If a company wants to implement a data lineage at multiple layers, then the data lineage requirements will combine requirements for descriptive and automated data lineage.
Let’s briefly consider some examples of the requirements.
Requirements for descriptive data lineage
The key requirements for data lineage documentation at the business, conceptual, and logical levels are:
- Ability to document and link business processes and IT assets
This requirement comes from multiple legislations. Usually, a company starts recording data flows by describing and linking business processes to IT assets like IT systems, applications, databases, ETL tools, etc. These flows are an example of data architecture deliverables.

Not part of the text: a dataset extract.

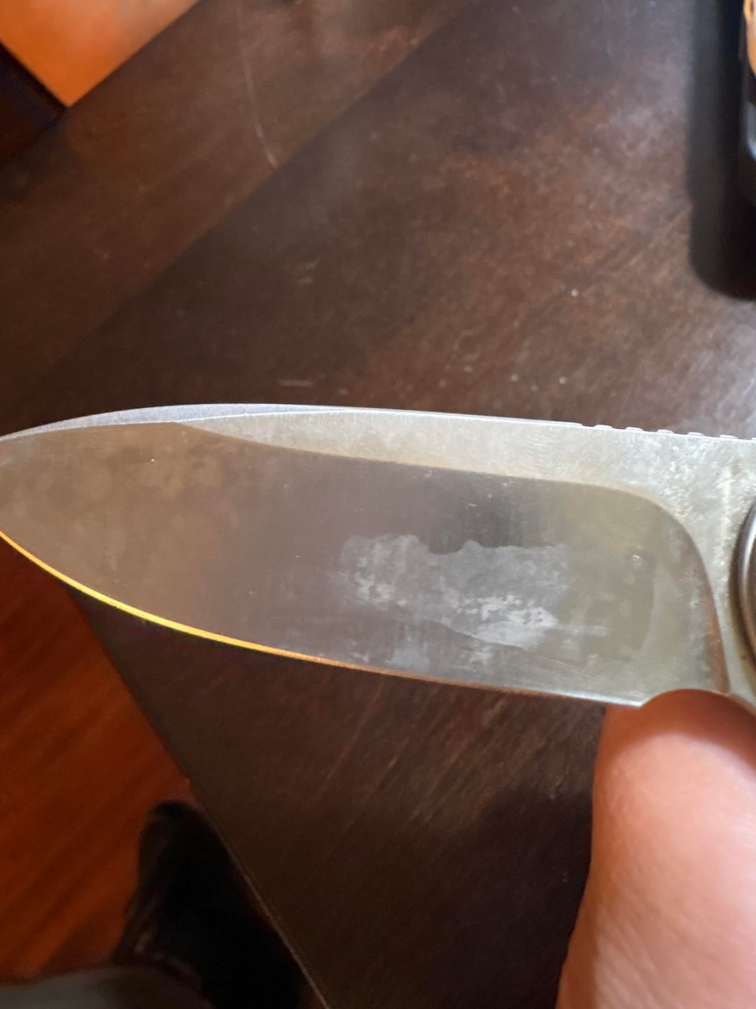Hi! So I’m new in the world of knives and a friend gave me my first pocket knife (that isn’t a $20 swap meet knife). It’s a Civivi brand folder but here’s where I went wrong. I took my nephew fishing and forgot my beater knife so I used my Civivi that day. I put it away and months later found rust on it. I tried using the vinegar technique but must of done something wrong as it left a blotch on the other side of the blade. Rust was removed and what I was left with is pictured below. My local knife repair shop said to use Flitz and it helped a little with the blotch but didn’t remove it… so… did I ruin my knife or is there a way to fix this?

- Ability to document and link multiple data models with various types of diagrams and notations
Numerous techniques to model data exist. Multiple teams within a company may use different diagrams and notations that must be linked.
- Collaboration and integration capabilities
Multiple teams must be able to work on various models simultaneously. A tool must support internal and external integration capabilities. Internal integration means mapping artifacts produced by multiple teams. External integration assumes the ability to integrate with other IT tools, including automated data lineage solutions.
Requirements for automated data lineage
The key requirements for automated data lineage at the physical level are:
- Ability to discover, ingest, integrate, and visualize various metadata types from various database and language types
One of the key challenges in data lineage documentation is the level of granularity. Documenting data lineage at the table level provides a few advantages. To use data lineage outcomes effectively, professionals must see data movements at the column level enriched by transparent content of implemented ETLs. As a company can have various databases and ETL engines, an IT solution must provide multiple scanners to read and ingest metadata from different types of databases and coding languages.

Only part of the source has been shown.